If you set the cell for normal-mode, then you enable the 4-input lut
structure. In this mode the lut has four inputs and outputs one result bit.
It is not possible to produce a second lut output using this mode.
If you set the cell for arithmetic-mode, then you enable the carry structure.
In this mode the 4-input lut, which is actually a 16x1bit ram, is divided
into two pieces, each 8x1bit large. Because each lut is 8x1bit it supports
3 inputs log2(8), two external and a carry-in. One lut produces the result-bit
the second produces the carry-out bit. Well, ok you say, let's use this mode
and produce two bits per cycle. However, it is not possible to directly feed
the carry-output into a register or a different lcell then the next lcell in
the same row (called LAB in Altera devices), you need to feed it into a lut
and then into the accompanying register. So instead of saving an cell, you
sacrifice one with dummy logic (it only passes the carry signal). But the
worst part is, you increase the cycle time by the added delay through the
second lut. However if you use the carry chain, you connect all cells used
in the arithmetic block you describe directly by dedicated high speed
connections. The carry chain is the fastest interconnection available in
Altera devices (and probably in Xilinx as well). Carry-in to Carry-out
generation is 3 to 4 times faster than normal lut operation. This means you
need to generate at least 4bits at a time to be faster than the carry chain.
And since this is impossible with the cell structure, it's a NONO.

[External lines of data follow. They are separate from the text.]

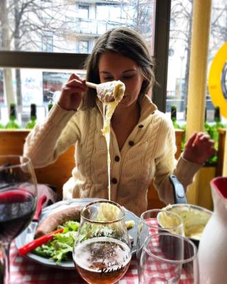 We rolled into Saint Nectaire at 2:00 a.m. at 40 km/h in a snow-white Fiat 500 with no chain on the tires, careful not to brake on the patchwork of slush and black ice that greeted us on the road. A surprise destination, I knew nothing about the Auvergne region (except that it was half-way between Burgundy and Bordeaux) or Saint Nectaire (except that there’s a famous cheese from there). The next day we would explore this region, also famous for the thermal baths of Mont Dore and the magnificent volcanoes of the Massif Central (one of which my fiance made me hike in Uggs…). I did remember that during a project at school a friend had mentioned aligot as a culinary specialty of that region. In fact, we ended up organizing an aligot party shortly after, where the same guy prepared the stuff for our closest group of friends. On that night I learned just how much effort goes into saturating a pot of mashed potatoes with so much Tomme… So when we rolled into Clermont Ferrand to find a bathing suit for me to wear in the sauna just after, we stopped by L’Oustagou, the first restaurant in the city recommended for this special dish.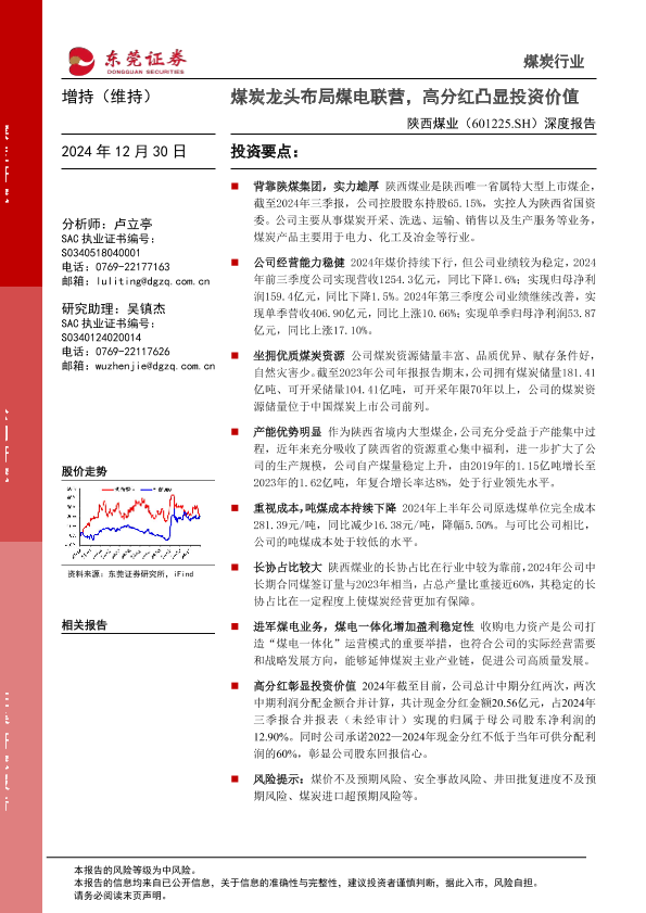 【东莞证券】【20241230】陕西煤业(601225)深度报告:煤炭龙头布局煤电联营,高分红凸显投资价值-24页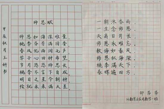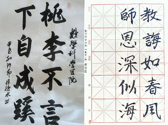 在我国第40个教师节来临之际,为营造尊师重教的校园风尚,数学科学学院于9月4日—8日开展了“师恩如海 笔墨传情”书法作品征集活动。

Interesting point to think about is what happens when your carry chain delay
is larger than the extra lut+routing delay. But I guess at this point your
additional cell resources start adding up. Nevertheless it deserves some
more thinking than I am doing while I am typing this.

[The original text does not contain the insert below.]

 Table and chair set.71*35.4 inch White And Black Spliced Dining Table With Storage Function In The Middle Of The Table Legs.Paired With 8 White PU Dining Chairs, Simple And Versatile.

Anyway the basic conclusion is that, although your proposal sounds good, it
is not possible with the available cell structures in FPGAS.

Richard



>Correct me if I am wrong but don't FPGA use a LUT (Look Up Table)
>to emulate the low level logic elements (AND, OR, ...). A device like the
>Altera APEX 20K has 6 inputs (data1-data4, Carry-In, Cascade-In)
>and arguably a 7th input (one of the clears). For output it has conceivably
>4 with register packing: Register, Register Bypass, Carry-Out, Cascade-Out.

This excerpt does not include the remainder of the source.